Rural poverty is further compounded by India's enormous health burden; India accounts for more than one quarter of the world's TB cases and deaths. In India, most villages don't possess even a small hospital. Unfortunately, in India's noisy political democracy, politicians are not too interested in alleviating poverty. China has recorded tremendous achievements in poverty alleviation.
Thanks to 38 years of reform, opening-up and socialist modernization first promoted by Deng Xiaoping, China has lifted over 700 million people out of poverty, accounting for more than 70 percent of the global reduction in poverty and significantly made life better for its 1.3 billion-plus people.

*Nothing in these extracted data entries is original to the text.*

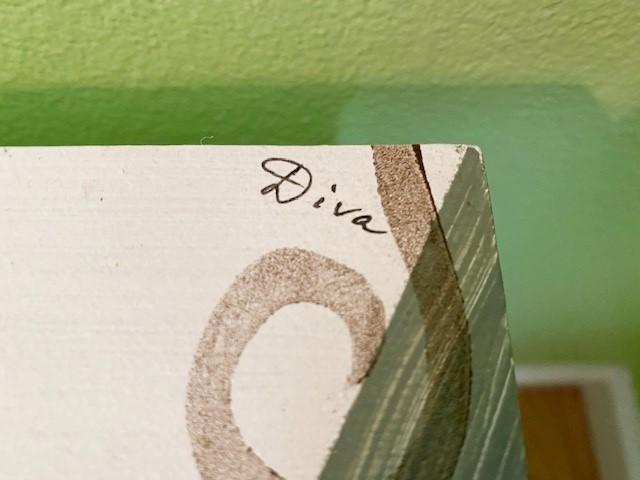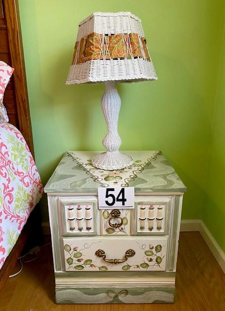 Stand is signed "Diva." Includes wicker lamp. Measurement: 23"H x 22"W x 20"D
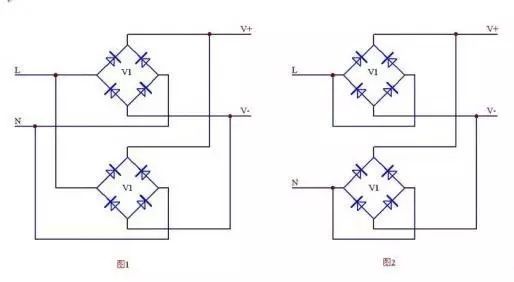 在小功率設(shè)計(jì)中,一般很少用到整流橋的并聯(lián),但在某些大功率輸出的情況下,不想增添新的器件單個(gè)整流橋電流又不滿足輸入功率要求,就需要用到整流橋的并聯(lián)了,整流橋的并聯(lián)不能采用兩個(gè)整流橋各自整流后直流并聯(lián)的方式,也就是不能采用圖1的方式,因?yàn)檎鳂驔]有配對(duì),單純靠自身的V-I特性,一般是無法均流的,這樣就會(huì)造成兩個(gè)整流橋發(fā)熱不一致。而采用圖2的方式,通常認(rèn)為在一個(gè)封裝內(nèi)的兩個(gè)二極管是非常匹配的,是可以均分電流的,所以采用圖2的方式就可以實(shí)現(xiàn)整流橋的并聯(lián)了。
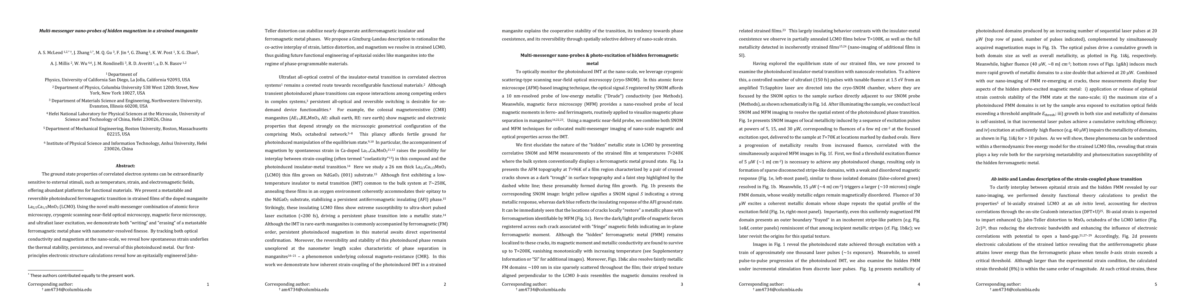 This paper investigates the photoinduced ferromagnetic transition in strained manganite films using a combination of advanced microscopy techniques. It reveals the role of strain in stabilizing a metastable ferromagnetic metal phase and proposes a Ginzburg-Landau framework to explain the interplay between strain, lattice distortion, and magnetism.

This is an unparalleled achievement and truly inspiring.
According to the 13th Five-Year Plan (2016-2020), China is aiming to eliminate poverty by 2020. Over 55.6 million Chinese rural residents were lifted out of poverty from 2013 to 2016, and at least another 10 million will shake off poverty by the end of this year, meaning the number of rural Chinese lifted out of poverty in five years will exceed 65 million.
China has come up with many innovative and effective practices in targeted poverty alleviation. In the course of realizing the "Two Centenary Goals" and the Chinese Dream of revitalizing the nation, it has focused on safeguarding and improving people's well-being, advancing all social programs, and protecting people's rights to equal participation and development.

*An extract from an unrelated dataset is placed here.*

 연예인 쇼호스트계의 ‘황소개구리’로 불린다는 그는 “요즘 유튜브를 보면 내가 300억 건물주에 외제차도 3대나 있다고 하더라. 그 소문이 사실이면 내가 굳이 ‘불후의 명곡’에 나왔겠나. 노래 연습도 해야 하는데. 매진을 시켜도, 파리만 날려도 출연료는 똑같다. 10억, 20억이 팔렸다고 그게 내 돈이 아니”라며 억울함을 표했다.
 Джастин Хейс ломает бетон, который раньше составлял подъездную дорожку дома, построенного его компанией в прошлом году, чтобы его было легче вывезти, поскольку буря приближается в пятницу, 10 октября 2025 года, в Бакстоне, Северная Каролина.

China's Internet-based poverty alleviation method has set an example for the rest of the world. On May 26, the Chinese government launched the Global Poverty Reduction Online Knowledge Sharing Database at the 2017 China Poverty Reduction International Forum in Beijing. As China continues to take a more active role in poverty alleviation on the global stage, it is an ideal position to be a close partner with other developing countries and share the lessons it has learned from its own poverty reduction experience.
The Chinese Government has been pushing forward its "Internet Plus" strategy in poverty reduction efforts. It has accelerated the government's poverty reduction efforts in rural areas. According to China's Ministry of Commerce, 120,000 poverty-stricken families joined the e-business sector in 2016. The government's plan is to take e-business to more than 80 percent of villages by 2020. India can follow this model to carry out poverty alleviation efforts.

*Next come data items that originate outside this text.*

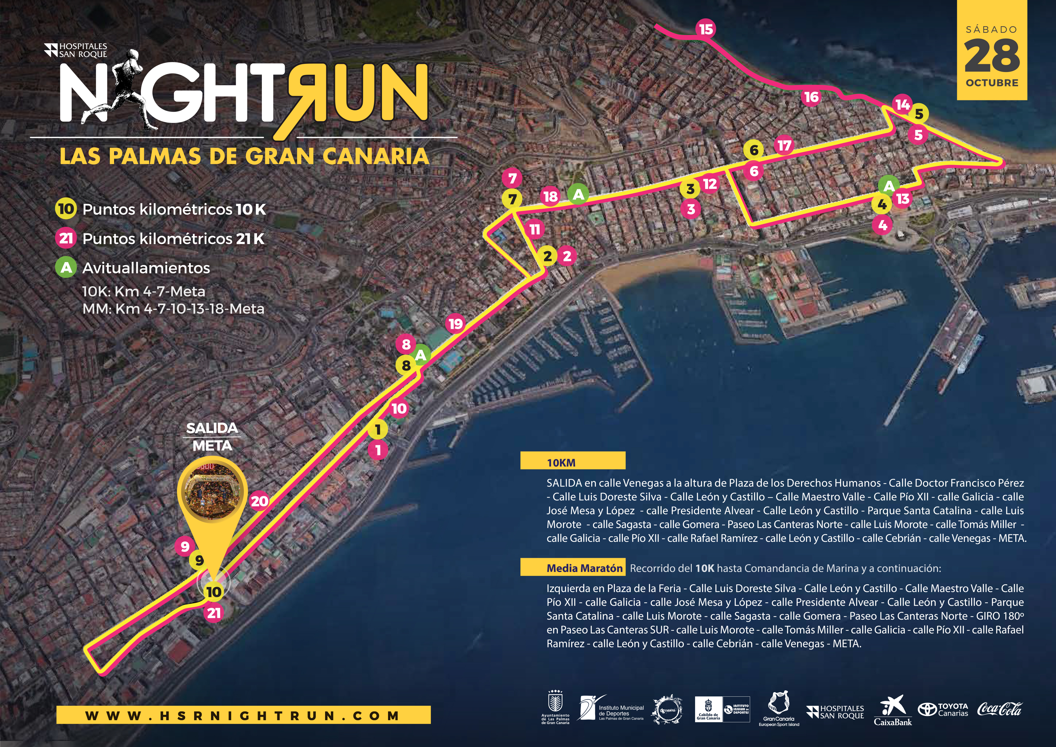 La distancia del 10 Km. contará con 3 puntos de avituallamiento en los kilómetros 4, 7 y meta; mientras que el Medio Maratón tendrá 6 en los puntos kilométricos 4, 7, 10, 13, 18 y meta.
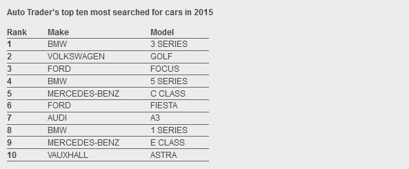 The fact that the Golf took 2nd place was no surprise, nor was the Focus coming in at 3rd. But to have the 5-Series and the C-Class respectively as the 4th and 5th most searched for cars in 2015, ahead of the Fiesta (6th) and the Vauxhall Astra (10th), speaks volumes about how people tend to prefer premium products.
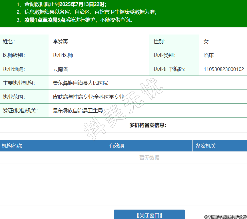姓名:李發(fā)英性別:女醫(yī)師級別:執(zhí)業(yè)醫(yī)師執(zhí)業(yè)類別:臨床執(zhí)業(yè)地點(diǎn):云南省執(zhí)業(yè)證書編碼:110530823000102主要執(zhí)業(yè)機(jī)構(gòu):景東彝族自治縣人民醫(yī)院執(zhí)業(yè)范圍:皮膚病與性病專業(yè);全科醫(yī)學(xué)專業(yè)發(fā)證(批準(zhǔn))機(jī)關(guān):景東彝族自治縣衛(wèi)生局
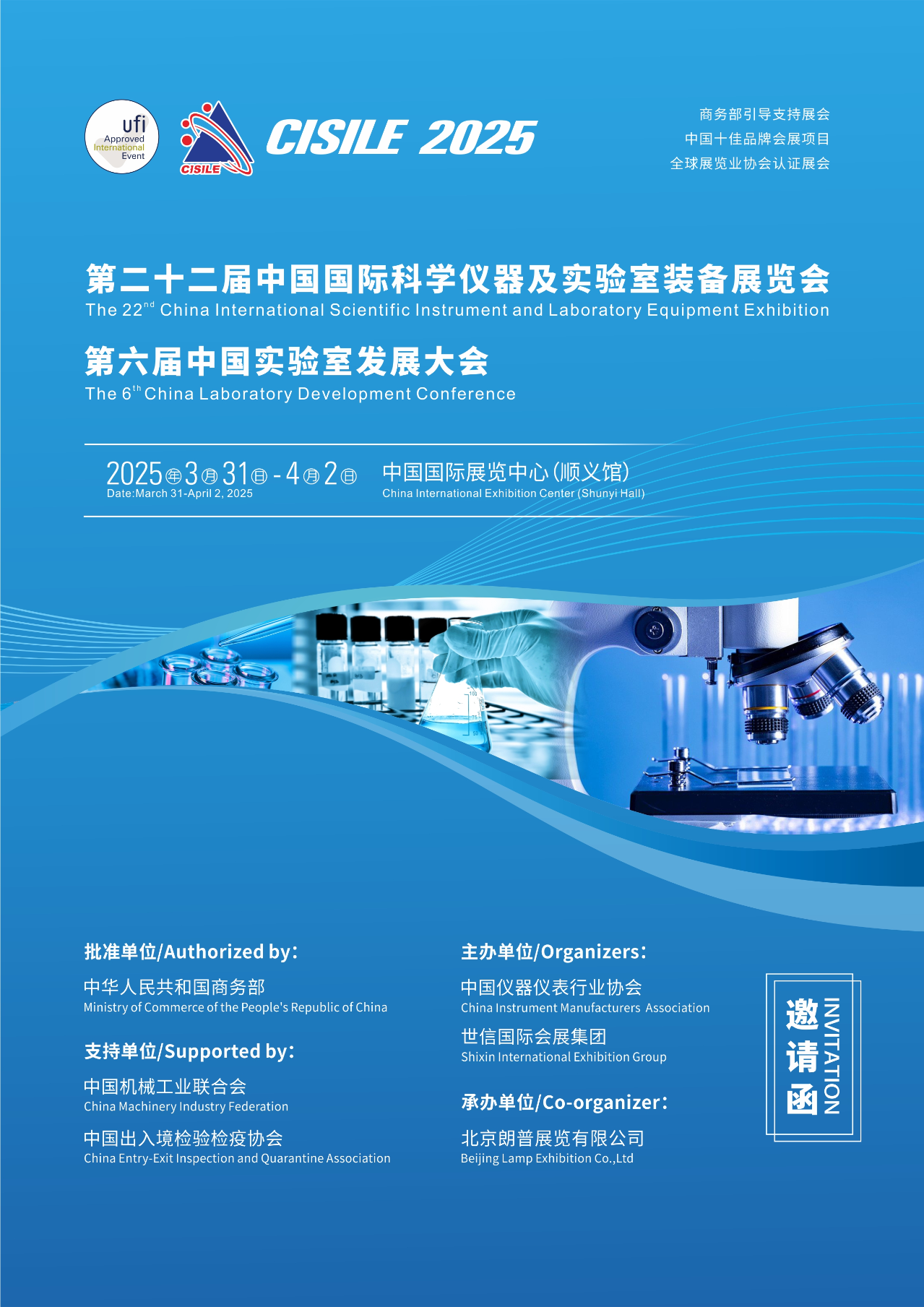 中國國際科學儀器及實驗室裝備展覽會(以下簡稱“科儀展”或英文縮寫“CISILE”)作為中國十佳品牌會展項目、中國誠信展覽、UFI認證的國際品牌展會,至今已經成功舉辦了二十一屆。二十余載,CISILE主辦和組織單位不忘初心,不斷提升科學儀器及實驗室裝備展覽的規模和水平。CISILE已經成為科研院所、高等院校、第三方檢測機構、大型企業等單位了解、采購科學儀器及實驗室裝備的必選線下平臺,是全球科學儀器及實驗室裝備領域的盛會,更是科學儀器及實驗室裝備領域的國際前沿發展趨勢和產業升級的“風向標”,為推動我國科學儀器及實驗室裝備領域的技術創新、自主研發及行業發展作出了積極貢獻。為深入貫徹落實習近平總書記關于加快實現高水平科技自立自強的指示精神,助推科技創新和產業創新深度融合,助力發展新質生產力,在商務部、中國機械工業聯合會的指導下,中國儀器儀表行業協會與世信國際會展集團研究決定,于2025年3月31日-4月2日在中國國際展覽中心(順義館)舉辦第二十二屆中國國際科學儀器及實驗室裝備展覽會(以下簡稱 CISILE 2025),預計展示面積40000平方米,參展企業1000余家,專業觀眾超50000人次。集中展示實驗室儀器及裝備、分析儀器、光學儀器、試驗儀器、生命科學儀器、生物技術與儀器等專業領域的新產品、新技術、新成果。同期將舉辦第六屆實驗室發展大會、第五屆中國危化品管理與實驗室安全高峰論壇等學術論壇及相關活動,為廣大科研人員及行業人士便捷地獲取行業最新資訊、分享前沿技術和研究成果,搭建交流研討產業政策的互動平臺。CISILE 2024展示面積和參展企業數量實現雙增長,展會能級和品牌效應實現雙躍升。我們將繼續努力,再次提升CISILE 2025規模和水平,匯聚更多行業頂尖企業與行業精英,為科研院所、高等院校、第三方檢測機構、大型企業等領域的用戶單位提供更寬的選擇面、更好的采購渠道、更深的研討層次。誠摯邀請和歡迎您蒞臨CISILE 2025參展參會,共享合作與發展機遇。

India's various welfare schemes will get a tremendous boost if it can learn lessons from China's experiences and achievements in poverty alleviation through the Southwest Poverty Reduction Project, the Poor Rural Communities Development Project, the Guangxi Rural Poverty Alleviation Pilot Project, the Qinba Mountains Poverty Reduction Project, the Gansu and Inner Mongolia Poverty Reduction Project, to mention a few.
Truly, China's best practices and successful experiences in poverty reduction should be a "role model" for India where 270 million people live below the poverty line. With a truly remarkable track record, China is undoubtedly a world-leader in poverty reduction and improving health outcomes and there is a lot the rest of the world can learn from its experience, including India.
(Rabi Sankar Bosu is the Secretary of New Horizon Radio Listeners' Club in West Bengal, India.)